### What needs to be done
Which lines run from the line with "Day 2: Fly to Sharm El-Sheikh" through the line with "Urban Silver 2 R St XE FR Bt" in the entries below? Print them exactly, both ends included, and nothing more.

+++ Material to process

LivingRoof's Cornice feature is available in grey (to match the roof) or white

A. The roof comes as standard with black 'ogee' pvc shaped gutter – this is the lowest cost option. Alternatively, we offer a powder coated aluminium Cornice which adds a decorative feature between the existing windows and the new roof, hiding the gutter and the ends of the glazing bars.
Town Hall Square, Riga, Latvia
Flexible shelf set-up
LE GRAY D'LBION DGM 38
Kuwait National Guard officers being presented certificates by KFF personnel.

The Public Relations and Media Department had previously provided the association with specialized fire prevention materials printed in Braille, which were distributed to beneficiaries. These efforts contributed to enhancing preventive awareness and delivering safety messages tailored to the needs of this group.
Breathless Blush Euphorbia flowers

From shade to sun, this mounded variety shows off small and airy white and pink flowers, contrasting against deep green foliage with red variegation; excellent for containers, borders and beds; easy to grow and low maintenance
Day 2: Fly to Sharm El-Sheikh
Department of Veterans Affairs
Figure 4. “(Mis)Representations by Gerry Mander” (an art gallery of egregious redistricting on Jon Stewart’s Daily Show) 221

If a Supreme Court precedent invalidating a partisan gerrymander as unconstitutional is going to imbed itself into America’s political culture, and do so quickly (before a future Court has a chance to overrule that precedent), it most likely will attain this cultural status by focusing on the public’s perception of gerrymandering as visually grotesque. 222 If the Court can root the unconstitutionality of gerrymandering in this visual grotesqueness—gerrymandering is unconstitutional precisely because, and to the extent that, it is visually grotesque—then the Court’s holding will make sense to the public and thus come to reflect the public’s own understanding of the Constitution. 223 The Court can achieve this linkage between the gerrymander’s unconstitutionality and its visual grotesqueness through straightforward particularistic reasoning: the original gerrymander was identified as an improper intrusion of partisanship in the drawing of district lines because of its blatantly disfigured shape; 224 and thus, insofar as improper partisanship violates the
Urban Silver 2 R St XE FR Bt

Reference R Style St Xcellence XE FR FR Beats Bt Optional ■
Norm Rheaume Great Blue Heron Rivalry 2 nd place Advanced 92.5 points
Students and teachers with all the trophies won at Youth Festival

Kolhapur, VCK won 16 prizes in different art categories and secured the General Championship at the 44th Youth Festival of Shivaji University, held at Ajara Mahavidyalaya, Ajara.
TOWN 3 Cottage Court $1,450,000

++++++
+++ Material to process

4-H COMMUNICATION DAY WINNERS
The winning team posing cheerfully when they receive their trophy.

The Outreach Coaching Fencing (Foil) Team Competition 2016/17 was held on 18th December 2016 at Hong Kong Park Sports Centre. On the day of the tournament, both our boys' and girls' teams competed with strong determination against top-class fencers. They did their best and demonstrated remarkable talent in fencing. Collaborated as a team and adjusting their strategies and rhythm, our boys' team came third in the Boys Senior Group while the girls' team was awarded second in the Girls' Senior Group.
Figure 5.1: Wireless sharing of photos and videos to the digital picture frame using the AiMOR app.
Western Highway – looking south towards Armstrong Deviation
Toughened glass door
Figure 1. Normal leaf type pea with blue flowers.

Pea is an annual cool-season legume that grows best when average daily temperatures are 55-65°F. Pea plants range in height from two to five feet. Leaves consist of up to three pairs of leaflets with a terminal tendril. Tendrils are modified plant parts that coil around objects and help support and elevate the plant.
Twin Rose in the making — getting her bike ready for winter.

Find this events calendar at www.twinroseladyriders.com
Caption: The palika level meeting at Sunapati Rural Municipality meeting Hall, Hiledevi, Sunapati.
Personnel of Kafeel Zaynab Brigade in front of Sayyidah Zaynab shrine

++++++

### Task output
Day 2: Fly to Sharm El-Sheikh
Department of Veterans Affairs
Figure 4. “(Mis)Representations by Gerry Mander” (an art gallery of egregious redistricting on Jon Stewart’s Daily Show) 221

If a Supreme Court precedent invalidating a partisan gerrymander as unconstitutional is going to imbed itself into America’s political culture, and do so quickly (before a future Court has a chance to overrule that precedent), it most likely will attain this cultural status by focusing on the public’s perception of gerrymandering as visually grotesque. 222 If the Court can root the unconstitutionality of gerrymandering in this visual grotesqueness—gerrymandering is unconstitutional precisely because, and to the extent that, it is visually grotesque—then the Court’s holding will make sense to the public and thus come to reflect the public’s own understanding of the Constitution. 223 The Court can achieve this linkage between the gerrymander’s unconstitutionality and its visual grotesqueness through straightforward particularistic reasoning: the original gerrymander was identified as an improper intrusion of partisanship in the drawing of district lines because of its blatantly disfigured shape; 224 and thus, insofar as improper partisanship violates the
Urban Silver 2 R St XE FR Bt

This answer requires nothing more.